■ Task to complete
Exactly as written, output each of the lines below, with no images.

Start of Data extract

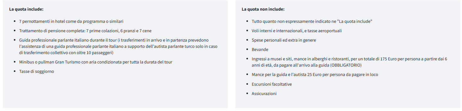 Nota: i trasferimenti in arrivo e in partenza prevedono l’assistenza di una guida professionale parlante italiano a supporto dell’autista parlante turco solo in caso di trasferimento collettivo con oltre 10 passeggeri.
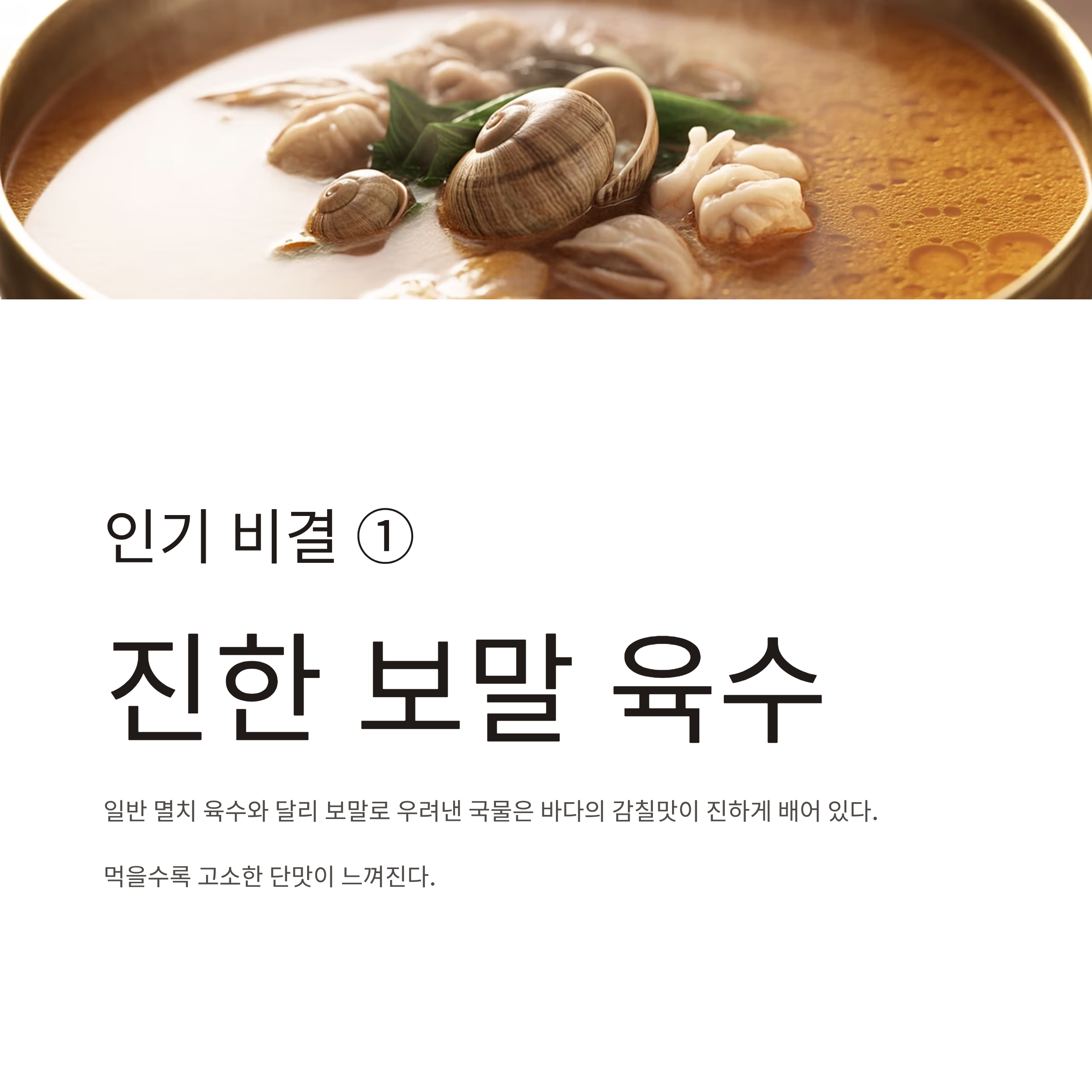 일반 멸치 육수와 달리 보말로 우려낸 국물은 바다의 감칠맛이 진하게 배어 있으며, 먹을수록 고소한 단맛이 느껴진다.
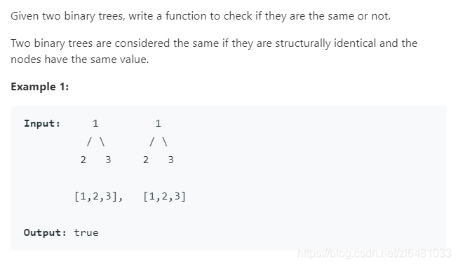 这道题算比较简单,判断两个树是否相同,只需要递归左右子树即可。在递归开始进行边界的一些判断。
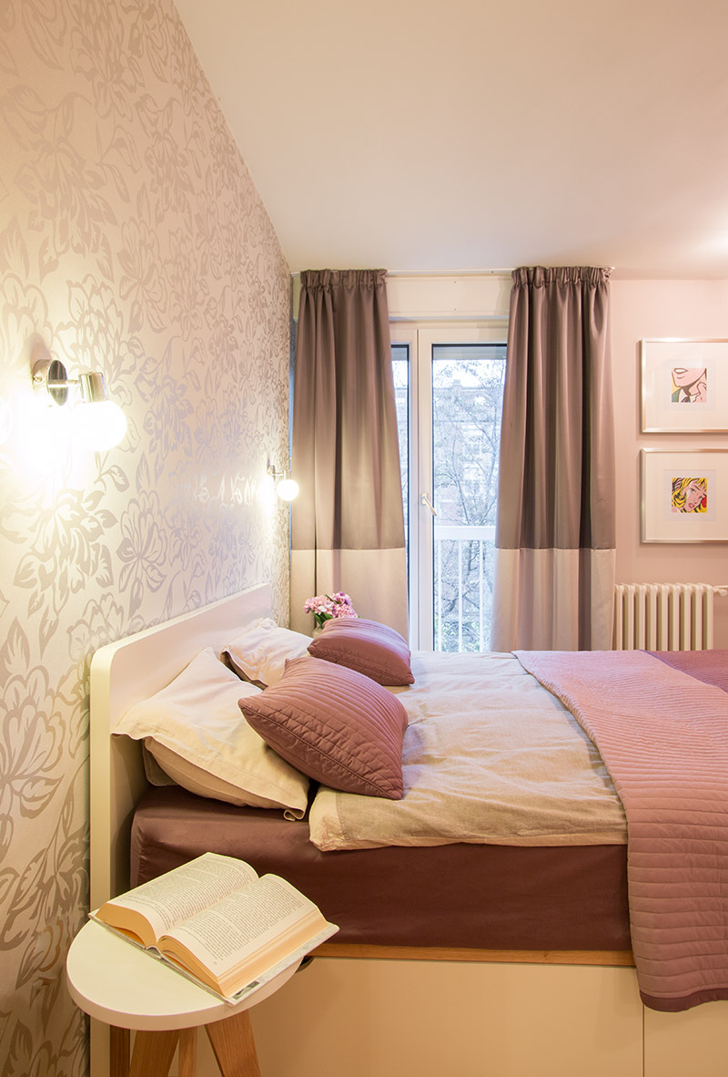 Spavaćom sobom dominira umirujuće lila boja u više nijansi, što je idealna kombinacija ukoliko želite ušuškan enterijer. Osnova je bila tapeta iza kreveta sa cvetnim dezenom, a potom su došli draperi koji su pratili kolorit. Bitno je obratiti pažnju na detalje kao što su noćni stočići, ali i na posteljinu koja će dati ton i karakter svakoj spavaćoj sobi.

End of Data extract

■ Answer to this exercise
 Nota: i trasferimenti in arrivo e in partenza prevedono l’assistenza di una guida professionale parlante italiano a supporto dell’autista parlante turco solo in caso di trasferimento collettivo con oltre 10 passeggeri.
 일반 멸치 육수와 달리 보말로 우려낸 국물은 바다의 감칠맛이 진하게 배어 있으며, 먹을수록 고소한 단맛이 느껴진다.
 这道题算比较简单,判断两个树是否相同,只需要递归左右子树即可。在递归开始进行边界的一些判断。
 Spavaćom sobom dominira umirujuće lila boja u više nijansi, što je idealna kombinacija ukoliko želite ušuškan enterijer. Osnova je bila tapeta iza kreveta sa cvetnim dezenom, a potom su došli draperi koji su pratili kolorit. Bitno je obratiti pažnju na detalje kao što su noćni stočići, ali i na posteljinu koja će dati ton i karakter svakoj spavaćoj sobi.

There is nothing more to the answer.